On-Site-Activated Transmembrane Logic DNA Nanodevice
Enables Highly Specific Imaging of Cancer Cells by Targeting Tumor-Related
Nucleolin and Intracellular MicroRNA
The
ability to specifically image cancer cells is essential for
cancer diagnosis; however, this ability is limited by the false positive
associated with single-biomarker sensors and off-site activation of
“always active” nucleic acid probes. Herein, we propose
an on-site, activatable, transmembrane logic DNA (TLD) nanodevice
that enables dual-biomarker sensing of tumor-related nucleolin and
intracellular microRNA for highly specific cancer cell imaging.

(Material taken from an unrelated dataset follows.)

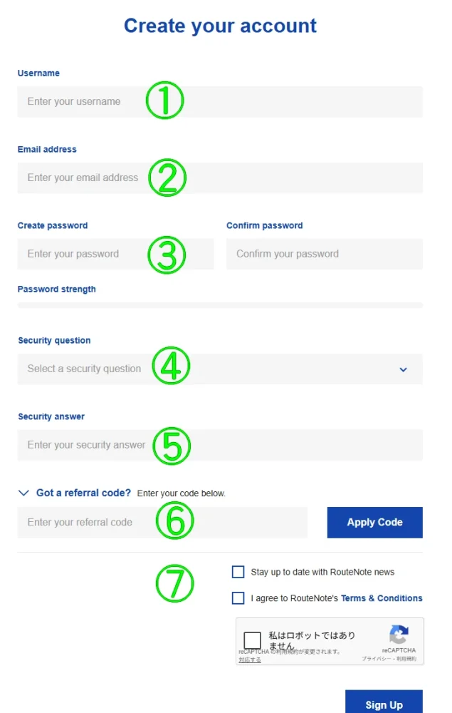 この手順は、RouteNoteにアカウントを作成する際の説明のようですね。以下は、それぞれのステップについて簡単に解説します。

The
TLD nanodevice is constructed by assembling a tetrahedral DNA nanostructure
containing a linker (L)–blocker (B)–DNAzyme (D)–substrate
(S) unit. AS-apt, a DNA strand containing an elongated segment and
the AS1411 aptamer, is pre-anchored to nucleolin protein, which is
specifically expressed on the membrane of cancer cells. Initially,
the TLD nanodevice is firmly sealed by the blocker containing an AS-apt
recognition zone, which prevents off-site activation. When the nanodevice
encounters a target cancer cell, AS-apt (input 1) binds to the blocker
and unlocks the sensing ability of the nanodevice for miR-21 (input
2). The TLD nanodevice achieves dual-biomarker sensing from the cell
membrane to the cytoplasm, thereby ensuring cancer cell-specific imaging.
This TLD nanodevice represents a promising strategy for the highly
reliable analysis of intracellular biomarkers and a promising platform
for cancer diagnosis and related biomedical applications.